The key point lies in the complexity of its execution tasks, as well as the fault tolerance and successful delivery result definition of large models after non-uniform standard user input prompts enter. Otherwise, following this set of innovations, can the DeFai scenario of web3 immediately mature and be applied? Obviously, it is not achievable yet:
For example, in the DeFai scenario, the Agent needs to make transaction decisions, and there needs to be an Oracle layer Agent responsible for on-chain data collection and verification, as well as data integration and analysis. It also needs to capture trading opportunities in real time, which poses a great challenge to real-time analysis. There may be trading opportunities that were useful just a second ago, but once the large model is transmitted to the transaction execution Agent by the Oracle, the trading opportunity no longer exists (arbitrage window).
This actually exposes the biggest weakness of such multimodal large models in making execution decisions, how to connect to the network, trigger chain calls to analyze Real-Time level data, identify trading opportunities from it, and then capture trades. The networking environment is actually fine, as the prices of many e-commerce website orders do not change in real time, which does not easily cause huge dynamic balance problems for the entire multimodal collaboration. If it is on the chain, such challenges exist almost all the time.
We must objectively understand the role of this matter in driving the application scenarios of DeFai in web3.
It must be admitted that the significance is definitely significant, after all, the LLM OS and the Less Structure more intelligence concept it proposes, especially the multi-signature system, will provide great inspiration for the combination of DeFi and AI in the expansion of web3.
This actually corrects a major misconception of most DeFi projects, don’t just rely on a large model to achieve complex goals such as AI Agent autonomous thinking + decision-making, which is simply not practical in the financial context.
The realization of the true DeFai vision requires solving complex problems such as the capacity limit of individual AI models, atomicity assurance of multimodal interactive collaboration, unified resource scheduling and allocation of multimodal systems, system fault tolerance and fault handling mechanisms, etc.

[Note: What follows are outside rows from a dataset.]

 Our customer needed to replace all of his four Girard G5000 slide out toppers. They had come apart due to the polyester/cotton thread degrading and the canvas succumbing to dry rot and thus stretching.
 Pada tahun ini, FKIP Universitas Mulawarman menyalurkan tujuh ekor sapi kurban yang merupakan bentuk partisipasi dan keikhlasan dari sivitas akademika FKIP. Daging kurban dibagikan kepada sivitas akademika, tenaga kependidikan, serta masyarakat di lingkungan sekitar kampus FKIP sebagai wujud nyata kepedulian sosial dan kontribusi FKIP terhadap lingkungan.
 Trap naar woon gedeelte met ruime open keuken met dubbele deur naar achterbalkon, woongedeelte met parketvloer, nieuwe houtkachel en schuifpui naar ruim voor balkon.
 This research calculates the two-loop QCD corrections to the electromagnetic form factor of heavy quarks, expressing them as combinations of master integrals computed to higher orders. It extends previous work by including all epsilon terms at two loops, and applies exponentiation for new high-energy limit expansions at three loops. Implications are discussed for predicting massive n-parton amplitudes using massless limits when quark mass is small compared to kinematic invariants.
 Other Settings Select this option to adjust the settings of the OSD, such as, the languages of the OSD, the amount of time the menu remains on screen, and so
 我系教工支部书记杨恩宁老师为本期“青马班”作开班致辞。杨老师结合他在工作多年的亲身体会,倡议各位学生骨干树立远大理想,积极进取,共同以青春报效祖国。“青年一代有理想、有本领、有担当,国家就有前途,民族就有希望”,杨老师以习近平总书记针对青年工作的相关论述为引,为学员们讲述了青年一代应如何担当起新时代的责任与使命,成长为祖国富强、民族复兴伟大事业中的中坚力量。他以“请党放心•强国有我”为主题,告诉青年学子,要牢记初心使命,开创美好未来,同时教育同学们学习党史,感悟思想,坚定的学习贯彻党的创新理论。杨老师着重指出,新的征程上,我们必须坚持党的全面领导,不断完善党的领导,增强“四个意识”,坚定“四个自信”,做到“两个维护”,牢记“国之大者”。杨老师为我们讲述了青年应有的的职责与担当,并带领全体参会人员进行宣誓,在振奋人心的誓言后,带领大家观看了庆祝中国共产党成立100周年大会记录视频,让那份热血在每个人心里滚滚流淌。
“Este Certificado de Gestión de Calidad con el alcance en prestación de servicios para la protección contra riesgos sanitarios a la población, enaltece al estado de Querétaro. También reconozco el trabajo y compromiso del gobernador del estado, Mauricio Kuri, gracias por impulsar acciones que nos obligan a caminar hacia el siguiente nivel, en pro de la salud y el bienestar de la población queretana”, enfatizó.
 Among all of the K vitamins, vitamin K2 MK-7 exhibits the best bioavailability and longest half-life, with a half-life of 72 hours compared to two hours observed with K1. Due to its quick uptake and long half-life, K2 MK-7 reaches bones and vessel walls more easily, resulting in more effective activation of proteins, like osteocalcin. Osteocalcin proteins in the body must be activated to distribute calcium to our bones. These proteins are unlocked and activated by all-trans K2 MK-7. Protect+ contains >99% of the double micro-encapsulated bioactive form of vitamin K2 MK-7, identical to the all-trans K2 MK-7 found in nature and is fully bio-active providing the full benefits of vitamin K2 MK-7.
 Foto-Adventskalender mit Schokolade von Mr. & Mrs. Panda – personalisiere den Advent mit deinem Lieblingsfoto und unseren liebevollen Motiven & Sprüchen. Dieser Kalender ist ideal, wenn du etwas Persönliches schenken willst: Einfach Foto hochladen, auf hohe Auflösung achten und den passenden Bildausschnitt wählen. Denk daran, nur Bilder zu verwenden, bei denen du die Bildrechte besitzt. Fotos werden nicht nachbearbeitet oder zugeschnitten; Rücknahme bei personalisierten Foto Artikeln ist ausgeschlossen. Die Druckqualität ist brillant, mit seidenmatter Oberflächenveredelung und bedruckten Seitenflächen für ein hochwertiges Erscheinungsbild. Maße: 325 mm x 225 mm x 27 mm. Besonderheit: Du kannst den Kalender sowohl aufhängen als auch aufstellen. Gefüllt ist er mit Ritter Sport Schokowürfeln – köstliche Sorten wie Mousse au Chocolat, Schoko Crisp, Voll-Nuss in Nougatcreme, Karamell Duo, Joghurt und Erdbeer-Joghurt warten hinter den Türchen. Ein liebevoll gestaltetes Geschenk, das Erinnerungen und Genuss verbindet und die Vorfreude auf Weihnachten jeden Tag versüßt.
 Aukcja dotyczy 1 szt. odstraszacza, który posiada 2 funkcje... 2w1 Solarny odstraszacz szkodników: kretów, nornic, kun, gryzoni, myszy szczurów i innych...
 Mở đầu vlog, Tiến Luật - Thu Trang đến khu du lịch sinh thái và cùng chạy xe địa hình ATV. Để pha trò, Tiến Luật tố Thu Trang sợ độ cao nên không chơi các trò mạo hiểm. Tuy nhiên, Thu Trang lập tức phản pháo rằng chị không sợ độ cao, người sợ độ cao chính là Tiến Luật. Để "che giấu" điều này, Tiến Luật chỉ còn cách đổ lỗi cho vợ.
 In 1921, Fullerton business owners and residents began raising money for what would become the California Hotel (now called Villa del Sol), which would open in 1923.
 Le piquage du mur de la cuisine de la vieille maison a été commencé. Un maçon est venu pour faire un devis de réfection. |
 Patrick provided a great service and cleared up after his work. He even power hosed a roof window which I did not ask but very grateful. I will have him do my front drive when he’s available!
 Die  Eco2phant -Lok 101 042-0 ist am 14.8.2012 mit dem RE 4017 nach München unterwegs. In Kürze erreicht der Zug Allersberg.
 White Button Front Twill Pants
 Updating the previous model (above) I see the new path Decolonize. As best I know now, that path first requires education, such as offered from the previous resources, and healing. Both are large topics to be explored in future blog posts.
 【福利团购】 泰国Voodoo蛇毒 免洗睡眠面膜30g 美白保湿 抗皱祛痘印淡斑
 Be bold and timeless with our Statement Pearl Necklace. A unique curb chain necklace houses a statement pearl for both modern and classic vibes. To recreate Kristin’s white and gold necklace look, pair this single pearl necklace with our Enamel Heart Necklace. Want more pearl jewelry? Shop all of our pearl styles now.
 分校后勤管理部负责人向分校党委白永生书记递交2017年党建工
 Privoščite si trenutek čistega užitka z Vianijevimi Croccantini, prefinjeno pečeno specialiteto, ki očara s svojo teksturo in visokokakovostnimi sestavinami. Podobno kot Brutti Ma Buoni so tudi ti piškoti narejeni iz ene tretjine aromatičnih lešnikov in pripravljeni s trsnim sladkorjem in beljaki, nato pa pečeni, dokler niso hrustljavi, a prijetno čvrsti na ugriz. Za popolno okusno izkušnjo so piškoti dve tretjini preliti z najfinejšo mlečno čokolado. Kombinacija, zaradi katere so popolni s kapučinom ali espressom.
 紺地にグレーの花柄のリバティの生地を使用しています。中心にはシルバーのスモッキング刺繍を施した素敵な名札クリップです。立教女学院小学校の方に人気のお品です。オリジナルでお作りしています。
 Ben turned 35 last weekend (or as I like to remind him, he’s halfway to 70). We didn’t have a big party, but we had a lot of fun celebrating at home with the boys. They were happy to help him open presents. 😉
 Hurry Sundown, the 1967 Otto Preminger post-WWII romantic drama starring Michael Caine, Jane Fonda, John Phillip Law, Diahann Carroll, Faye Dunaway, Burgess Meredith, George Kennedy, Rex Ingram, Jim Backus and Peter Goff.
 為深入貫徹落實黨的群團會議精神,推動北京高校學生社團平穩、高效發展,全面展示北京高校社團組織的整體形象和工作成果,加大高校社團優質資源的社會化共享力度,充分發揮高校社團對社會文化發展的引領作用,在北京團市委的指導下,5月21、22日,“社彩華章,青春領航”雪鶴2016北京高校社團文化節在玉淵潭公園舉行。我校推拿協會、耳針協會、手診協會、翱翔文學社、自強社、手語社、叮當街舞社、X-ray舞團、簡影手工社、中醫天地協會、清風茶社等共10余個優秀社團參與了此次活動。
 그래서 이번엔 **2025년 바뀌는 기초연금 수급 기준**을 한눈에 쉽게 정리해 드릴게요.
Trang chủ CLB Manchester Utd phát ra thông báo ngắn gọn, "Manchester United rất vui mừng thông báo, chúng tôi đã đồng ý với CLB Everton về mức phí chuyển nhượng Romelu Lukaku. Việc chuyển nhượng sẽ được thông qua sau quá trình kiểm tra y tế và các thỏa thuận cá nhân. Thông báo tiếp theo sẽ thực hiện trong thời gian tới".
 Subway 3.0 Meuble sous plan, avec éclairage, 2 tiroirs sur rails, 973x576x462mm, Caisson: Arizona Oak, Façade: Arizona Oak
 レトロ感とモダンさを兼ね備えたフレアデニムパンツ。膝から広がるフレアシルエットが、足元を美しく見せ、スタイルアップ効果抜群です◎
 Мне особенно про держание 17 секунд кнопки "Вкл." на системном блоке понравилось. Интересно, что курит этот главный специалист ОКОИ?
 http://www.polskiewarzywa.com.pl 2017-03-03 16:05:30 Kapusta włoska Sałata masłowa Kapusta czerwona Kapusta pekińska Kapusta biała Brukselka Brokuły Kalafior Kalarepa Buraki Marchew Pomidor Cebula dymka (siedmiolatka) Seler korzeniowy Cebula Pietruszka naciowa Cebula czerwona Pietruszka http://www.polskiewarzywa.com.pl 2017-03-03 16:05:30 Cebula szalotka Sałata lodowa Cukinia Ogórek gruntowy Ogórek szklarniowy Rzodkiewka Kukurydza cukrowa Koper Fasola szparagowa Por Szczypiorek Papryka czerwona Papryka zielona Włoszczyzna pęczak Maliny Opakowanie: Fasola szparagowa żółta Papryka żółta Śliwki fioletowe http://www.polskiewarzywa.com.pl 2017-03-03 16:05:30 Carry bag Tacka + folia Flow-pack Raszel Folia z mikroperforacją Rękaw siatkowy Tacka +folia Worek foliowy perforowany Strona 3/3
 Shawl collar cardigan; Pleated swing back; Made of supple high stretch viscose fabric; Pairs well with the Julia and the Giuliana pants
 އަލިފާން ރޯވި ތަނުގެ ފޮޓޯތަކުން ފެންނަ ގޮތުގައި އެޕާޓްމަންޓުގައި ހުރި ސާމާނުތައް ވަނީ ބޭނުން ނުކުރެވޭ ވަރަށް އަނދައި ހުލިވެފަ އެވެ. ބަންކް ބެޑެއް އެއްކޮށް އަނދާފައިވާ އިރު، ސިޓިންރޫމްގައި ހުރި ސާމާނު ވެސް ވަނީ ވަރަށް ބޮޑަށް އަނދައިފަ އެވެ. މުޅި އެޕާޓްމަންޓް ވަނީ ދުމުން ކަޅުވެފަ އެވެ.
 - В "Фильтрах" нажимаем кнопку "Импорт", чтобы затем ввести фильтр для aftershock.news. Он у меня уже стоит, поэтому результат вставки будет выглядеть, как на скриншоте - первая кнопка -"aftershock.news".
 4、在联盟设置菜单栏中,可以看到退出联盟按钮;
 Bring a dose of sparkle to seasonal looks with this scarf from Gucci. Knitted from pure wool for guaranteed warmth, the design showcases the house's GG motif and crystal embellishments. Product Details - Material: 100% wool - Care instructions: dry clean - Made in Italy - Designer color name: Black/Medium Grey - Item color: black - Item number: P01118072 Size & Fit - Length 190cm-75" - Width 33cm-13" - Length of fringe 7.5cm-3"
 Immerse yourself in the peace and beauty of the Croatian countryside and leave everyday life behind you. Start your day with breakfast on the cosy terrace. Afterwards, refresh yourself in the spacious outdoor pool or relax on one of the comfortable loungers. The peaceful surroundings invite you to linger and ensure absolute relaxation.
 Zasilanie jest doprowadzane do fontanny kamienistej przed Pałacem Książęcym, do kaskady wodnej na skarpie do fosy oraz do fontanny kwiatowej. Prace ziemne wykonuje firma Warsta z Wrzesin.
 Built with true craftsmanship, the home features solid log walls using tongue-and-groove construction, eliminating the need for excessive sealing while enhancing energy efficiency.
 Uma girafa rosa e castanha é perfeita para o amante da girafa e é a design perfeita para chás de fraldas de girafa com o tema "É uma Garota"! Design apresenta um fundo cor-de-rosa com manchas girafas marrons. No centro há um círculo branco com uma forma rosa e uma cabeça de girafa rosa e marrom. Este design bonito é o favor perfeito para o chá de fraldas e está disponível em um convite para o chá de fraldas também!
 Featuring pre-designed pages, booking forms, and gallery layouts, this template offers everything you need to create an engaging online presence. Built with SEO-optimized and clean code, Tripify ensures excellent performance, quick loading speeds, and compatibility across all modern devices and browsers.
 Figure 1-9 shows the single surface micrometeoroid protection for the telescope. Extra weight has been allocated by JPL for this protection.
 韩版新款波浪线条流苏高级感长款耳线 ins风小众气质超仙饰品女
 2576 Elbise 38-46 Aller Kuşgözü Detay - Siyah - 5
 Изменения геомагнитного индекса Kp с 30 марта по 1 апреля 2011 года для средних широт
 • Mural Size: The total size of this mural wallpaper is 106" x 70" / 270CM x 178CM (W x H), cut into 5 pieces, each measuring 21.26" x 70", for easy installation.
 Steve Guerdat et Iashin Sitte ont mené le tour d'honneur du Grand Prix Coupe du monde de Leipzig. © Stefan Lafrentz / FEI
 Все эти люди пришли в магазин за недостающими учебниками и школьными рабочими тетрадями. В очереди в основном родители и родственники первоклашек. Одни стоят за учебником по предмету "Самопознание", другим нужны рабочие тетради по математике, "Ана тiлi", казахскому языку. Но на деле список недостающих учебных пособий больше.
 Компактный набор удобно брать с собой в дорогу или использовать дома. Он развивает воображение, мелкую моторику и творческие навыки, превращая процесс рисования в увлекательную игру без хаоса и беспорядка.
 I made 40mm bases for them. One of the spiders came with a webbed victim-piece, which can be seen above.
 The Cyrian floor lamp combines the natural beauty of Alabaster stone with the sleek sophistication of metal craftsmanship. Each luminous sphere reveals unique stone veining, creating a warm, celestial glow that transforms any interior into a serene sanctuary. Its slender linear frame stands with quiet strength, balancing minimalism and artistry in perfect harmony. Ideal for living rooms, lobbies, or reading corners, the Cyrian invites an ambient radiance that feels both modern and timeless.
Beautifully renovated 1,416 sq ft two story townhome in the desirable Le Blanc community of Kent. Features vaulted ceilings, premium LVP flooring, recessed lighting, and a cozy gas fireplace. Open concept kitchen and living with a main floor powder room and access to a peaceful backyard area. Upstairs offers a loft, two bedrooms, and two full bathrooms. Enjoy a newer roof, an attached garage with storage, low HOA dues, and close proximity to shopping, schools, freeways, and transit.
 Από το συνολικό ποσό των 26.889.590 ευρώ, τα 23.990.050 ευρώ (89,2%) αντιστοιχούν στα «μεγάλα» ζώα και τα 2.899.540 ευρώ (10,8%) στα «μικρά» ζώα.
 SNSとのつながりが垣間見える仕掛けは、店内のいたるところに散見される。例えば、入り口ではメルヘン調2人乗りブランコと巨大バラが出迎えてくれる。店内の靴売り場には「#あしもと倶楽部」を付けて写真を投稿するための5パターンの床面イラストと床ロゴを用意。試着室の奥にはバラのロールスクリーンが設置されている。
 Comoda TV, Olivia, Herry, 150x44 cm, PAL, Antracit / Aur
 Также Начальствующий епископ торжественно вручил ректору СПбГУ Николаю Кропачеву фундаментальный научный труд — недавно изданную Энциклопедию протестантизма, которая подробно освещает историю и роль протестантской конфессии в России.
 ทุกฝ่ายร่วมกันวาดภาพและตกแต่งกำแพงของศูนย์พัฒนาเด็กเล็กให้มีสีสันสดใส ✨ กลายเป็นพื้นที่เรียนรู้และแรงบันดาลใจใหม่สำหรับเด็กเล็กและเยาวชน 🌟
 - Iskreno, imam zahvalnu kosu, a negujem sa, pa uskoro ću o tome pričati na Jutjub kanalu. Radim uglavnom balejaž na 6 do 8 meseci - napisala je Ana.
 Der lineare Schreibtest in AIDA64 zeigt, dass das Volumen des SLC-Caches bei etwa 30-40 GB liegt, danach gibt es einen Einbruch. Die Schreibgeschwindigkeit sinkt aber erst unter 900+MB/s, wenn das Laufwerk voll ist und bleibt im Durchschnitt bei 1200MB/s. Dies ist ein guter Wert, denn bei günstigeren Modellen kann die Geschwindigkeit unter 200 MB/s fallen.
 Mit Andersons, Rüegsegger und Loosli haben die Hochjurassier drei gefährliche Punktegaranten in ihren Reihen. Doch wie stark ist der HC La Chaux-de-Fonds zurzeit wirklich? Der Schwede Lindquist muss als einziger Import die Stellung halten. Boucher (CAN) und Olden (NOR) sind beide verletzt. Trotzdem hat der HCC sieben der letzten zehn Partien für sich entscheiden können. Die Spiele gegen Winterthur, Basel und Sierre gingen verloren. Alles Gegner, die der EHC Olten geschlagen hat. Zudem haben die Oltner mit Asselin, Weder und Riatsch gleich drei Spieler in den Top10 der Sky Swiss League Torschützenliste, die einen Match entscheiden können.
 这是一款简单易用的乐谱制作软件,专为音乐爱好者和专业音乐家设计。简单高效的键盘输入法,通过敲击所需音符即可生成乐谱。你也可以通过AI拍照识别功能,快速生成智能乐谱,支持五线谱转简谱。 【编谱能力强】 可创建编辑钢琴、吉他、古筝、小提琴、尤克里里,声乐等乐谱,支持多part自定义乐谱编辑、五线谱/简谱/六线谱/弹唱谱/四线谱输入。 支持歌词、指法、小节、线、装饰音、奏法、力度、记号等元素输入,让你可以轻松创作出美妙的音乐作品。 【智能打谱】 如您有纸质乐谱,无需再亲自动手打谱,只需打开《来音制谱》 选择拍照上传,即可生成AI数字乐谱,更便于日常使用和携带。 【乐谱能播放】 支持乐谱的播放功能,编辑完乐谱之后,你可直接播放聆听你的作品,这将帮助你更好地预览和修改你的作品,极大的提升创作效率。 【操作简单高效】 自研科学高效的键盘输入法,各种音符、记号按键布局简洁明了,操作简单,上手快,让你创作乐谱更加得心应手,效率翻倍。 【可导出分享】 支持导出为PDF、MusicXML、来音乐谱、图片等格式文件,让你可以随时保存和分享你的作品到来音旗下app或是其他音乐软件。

For example: Oracle layer Agent, responsible for collecting on-chain data and analysis, monitoring prices, forming an effective data source;
Decision-making Agent, analyze and evaluate risks based on the data fed by Oracle, and formulate a set of decision-making and action plans;
The execution layer Agent executes various solutions provided by the decision-making layer, taking into account the actual situation, including gas cost optimization, cross-chain state, transaction order conflicts, and so on.
Only when this series of Agents are synchronized and have a massive system framework in place, can a true DeFai revolution be triggered.